Before detecting the whole face, we will try detecting just the nose. We will be using the IMM Face Dataset.
All the images are resized to 240 x 320 and no data augmentations are done.

For the dataloader, I used batch_size = 64.

Here are some sampled images and the truth nose keypoint:

Sample 1
Sample 2
Sample 3

CNN Model

I used a neural network with 5 convolution layers, each followed by ReLU and max pooling. They are then followed by two fully connected layres. I used kernel_size = (3, 3) for all the layers that needed one.

Here are all the conv layers:

  1. C1 = Conv2d(1, 24, 3)
  2. C2 = Conv2d(24, 30, 3
  3. C3 = Conv2d(30, 20, 3)
  4. FC1 = Linear(20 * 7 * 10, 128)
  5. FC2 = Linear(128, 2 * 58

To train my model, I used MSELoss and the Adam optimizer with learning_rate=3e-4 and with num_epochs = 20.

Here are the results:

Success Cases
Success 1
Success 2
Success 3
Failure Cases
Fail 1
Fail 2
Fail 3

Some reasons why these images failed could be because of the nose is generally around the center of an image. The model is not good at detecting the nose when it is not the case -- when the person's head is rotated, and especially for the case when the person is not standing at the middle and his head is very rotated.

Training and Validation Accuracy

Part 1 Accuracy

Part 2: Full Facial Keypoints Detection

Dataset and Dataloader

Now we have succeeded in detecting one point, we can do that for more keypoints - 58 keypoints to be exact. Again, we are using the IMM Face Dataset.
All the images are resized to 240 x 320. For training, data augmentation is done by randomly rotating the images (at most 12 degrees).

For the dataloader, I used batch_size = 64.

Here are some sampled images and the ground-truth face keypoint:

Sample 1
Sample 2
Sample 3

CNN Model

I used a neural network with 3 convolution layers, each followed by ReLU and max pooling. I used kernel_size = (3, 3) for all the layers that needed one.

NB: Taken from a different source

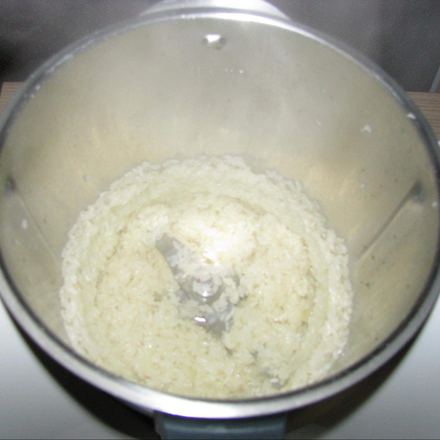 Abbassare il trito sul fondo e aggiungere l'olio; 3 minuti, 100°, velocità 1.
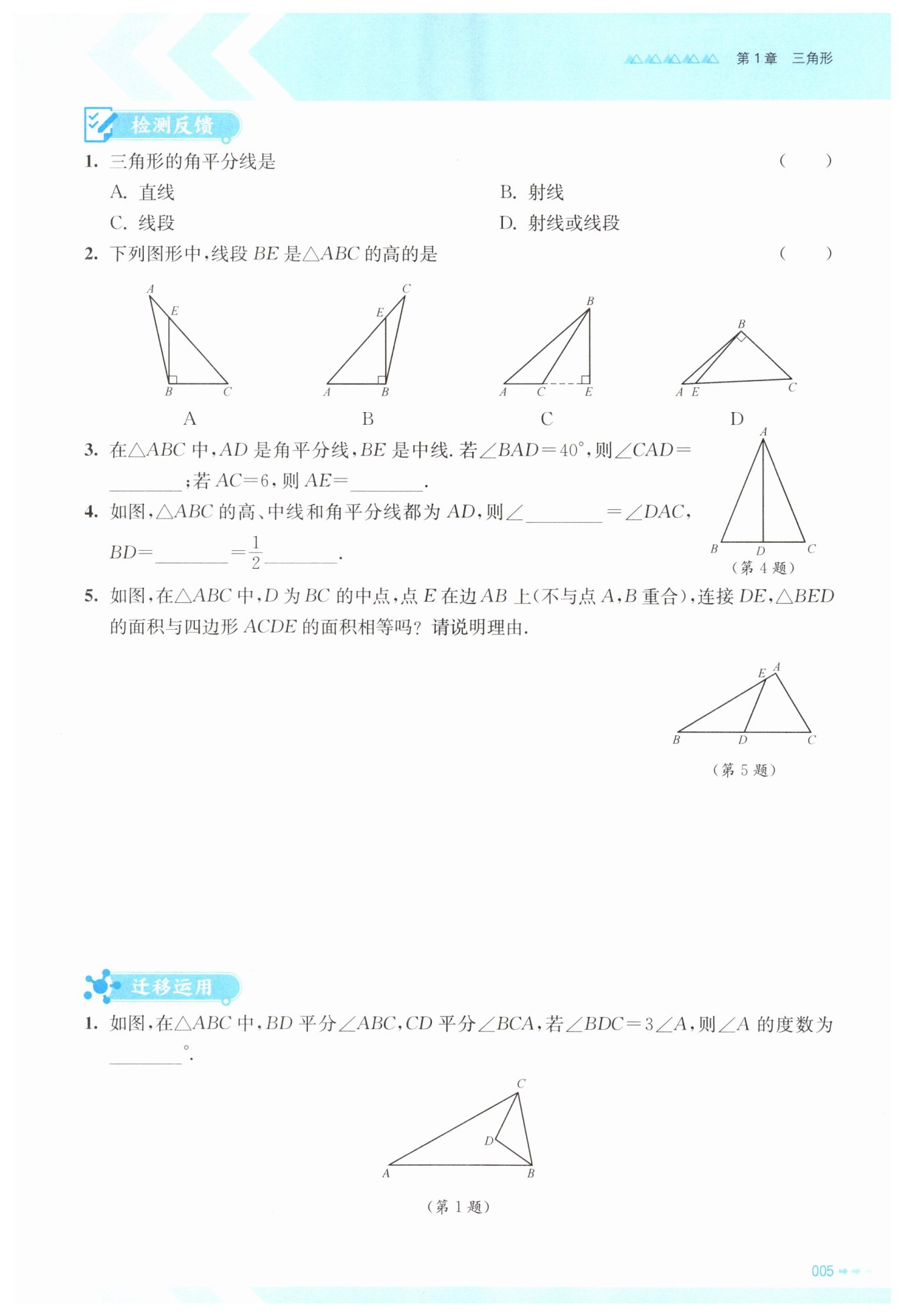 鈍角三角形有三條高,其中兩條高在三角形外部,一條高在三角形內(nèi)部。

  1. C1 = Conv2d(1, 18, 3)
  2. C2 = Conv2d(18, 24, 3
  3. C3 = Conv2d(24, 30, 3)
  4. C4 = Conv2d(30, 30, 3)
  5. C5 = Conv2d(30, 25, 3)
  6. FC1 = Linear(25 * 21 * 30, 128)
  7. FC2 = Linear(128, 2 * 58

Similarly to Part 1, I trained my model using MSELoss and the Adam optimizer with learning_rate = 15e-5 and with num_epochs = 50.

Here are the results:

Success Cases
Success 1
Success 2
Success 3
Failure Cases
Fail 1
Fail 2
Fail 3

Similarly to part 1, the model is not good at detecting rotations of the head. It also fails to detect as accuratyly when the person's head it not at the very center of the input image. This problen is improved when I lowered the learning rate and increased the number of epochs. Maybe it can be further improved with more data augmentation, especially shifting.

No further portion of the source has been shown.